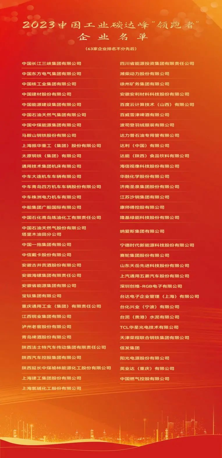 在研究成果发布环节,中国工经联中国工业碳达峰项目组组长刘成林发布了63家2023中国工业碳达峰“领跑者”企业名单和中国工业碳达峰“领跑者”企业研究成果。他介绍,在八个部委和48个地方发改委、工信、国资、生态环境部门的指导和支持下,2023年中国工业碳达峰“领跑者”企业研究工作选出了63家“领跑者”企业,形成了《2023中国工业碳达峰“领跑者”企业研究报告》等4项研究成果。中国工经联将在有关部委、地方政府和行业组织的支持下,持续做好中国工业碳达峰“领跑者”企业研究工作。
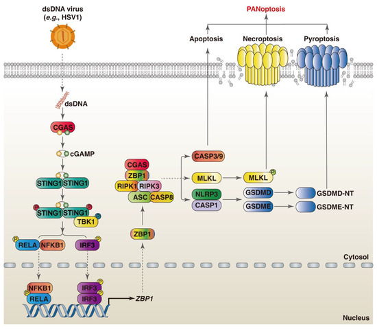AIM2: absent in melanoma 2; ASC, apoptosis-associated speck-like protein containing a C-terminal caspase recruitment domain; CASP1/3/8, caspase (numbers 1/3/8); cGAMP, cyclic guanosine monophosphate–adenosine monophosphate; CGAS, cyclic GMP-AMP synthase; dsDNA, double-stranded DNA; dsRNA: double-stranded RNA; GSDMD; gasdermin D; GSDME; gasdermin E; GSDMD-NT, N-terminal gasdermin D; GSDME-NT, N-terminal gasdermin E; HSV1: herpes simplex virus 1; IAV: influenza A virus; MHV: mouse hepatitis virus; MLKL, mixed lineage kinase domain like pseudokinase; NFKB1, nuclear factor kappa B subunit 1; NLRP3, NLR family pyrin domain containing 3; RELA, RELA proto-oncogene; RHIM: receptor-interacting protein homotypic interaction motif; RIPK1: receptor-interacting protein kinase 1; RIPK3: receptor-interacting protein kinase 3; ssRNA: single-stranded RNA; STING1, stimulator of interferon response cGAMP interactor 1; TBK1, TANK-binding kinase 1; Zα: Z-nucleic acid-binding domains; ZBP1, Z-DNA-binding protein.
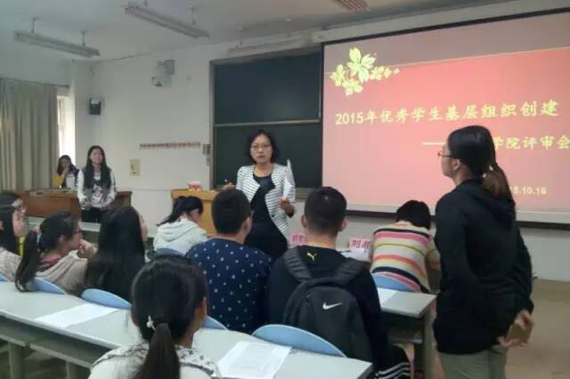 為加強和改進大學生思想政治教育,充分發揮班級、宿舍在學生成長中的凝聚、引導、服務作用,進一步推進學生基層組織建設,展示我院學生群體積極健康的精神風貌,食品學院于2015年10月16日在阜成路校區舉行優秀學生基層組織創建評審會。食品學院黨總支副書記胡燕霞,團總支書記劉晶,輔導員單靜敏、門怡帆,各班班長及團支書參加評審會。
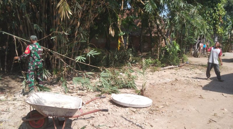 Seperti hari ini dilakukan Sertu Abdul Rozy anggota Koramil Tipe B 0802/16 Jetis, Kodim 0802/Ponorogo yang sehari hari bertugas menjadi Babinsa Desa Karanggebang Kecamatan Jetis Kabupaten Ponorogo yang hari ini membantu warga yang sedang melaksanakan kerja bakti.
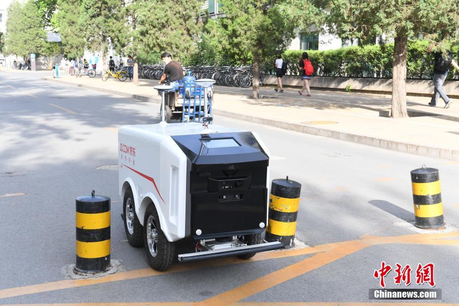 无人车遇到路障后,自主调整路径,避开路障。刚好路过的送水员正回头观看。中新网 宋路易 摄

[Description of the task] Transcribe the full listing exactly, but keep every image out of it.

[Response below]
 在研究成果发布环节,中国工经联中国工业碳达峰项目组组长刘成林发布了63家2023中国工业碳达峰“领跑者”企业名单和中国工业碳达峰“领跑者”企业研究成果。他介绍,在八个部委和48个地方发改委、工信、国资、生态环境部门的指导和支持下,2023年中国工业碳达峰“领跑者”企业研究工作选出了63家“领跑者”企业,形成了《2023中国工业碳达峰“领跑者”企业研究报告》等4项研究成果。中国工经联将在有关部委、地方政府和行业组织的支持下,持续做好中国工业碳达峰“领跑者”企业研究工作。
AIM2: absent in melanoma 2; ASC, apoptosis-associated speck-like protein containing a C-terminal caspase recruitment domain; CASP1/3/8, caspase (numbers 1/3/8); cGAMP, cyclic guanosine monophosphate–adenosine monophosphate; CGAS, cyclic GMP-AMP synthase; dsDNA, double-stranded DNA; dsRNA: double-stranded RNA; GSDMD; gasdermin D; GSDME; gasdermin E; GSDMD-NT, N-terminal gasdermin D; GSDME-NT, N-terminal gasdermin E; HSV1: herpes simplex virus 1; IAV: influenza A virus; MHV: mouse hepatitis virus; MLKL, mixed lineage kinase domain like pseudokinase; NFKB1, nuclear factor kappa B subunit 1; NLRP3, NLR family pyrin domain containing 3; RELA, RELA proto-oncogene; RHIM: receptor-interacting protein homotypic interaction motif; RIPK1: receptor-interacting protein kinase 1; RIPK3: receptor-interacting protein kinase 3; ssRNA: single-stranded RNA; STING1, stimulator of interferon response cGAMP interactor 1; TBK1, TANK-binding kinase 1; Zα: Z-nucleic acid-binding domains; ZBP1, Z-DNA-binding protein.
 為加強和改進大學生思想政治教育,充分發揮班級、宿舍在學生成長中的凝聚、引導、服務作用,進一步推進學生基層組織建設,展示我院學生群體積極健康的精神風貌,食品學院于2015年10月16日在阜成路校區舉行優秀學生基層組織創建評審會。食品學院黨總支副書記胡燕霞,團總支書記劉晶,輔導員單靜敏、門怡帆,各班班長及團支書參加評審會。
 Seperti hari ini dilakukan Sertu Abdul Rozy anggota Koramil Tipe B 0802/16 Jetis, Kodim 0802/Ponorogo yang sehari hari bertugas menjadi Babinsa Desa Karanggebang Kecamatan Jetis Kabupaten Ponorogo yang hari ini membantu warga yang sedang melaksanakan kerja bakti.
 无人车遇到路障后,自主调整路径,避开路障。刚好路过的送水员正回头观看。中新网 宋路易 摄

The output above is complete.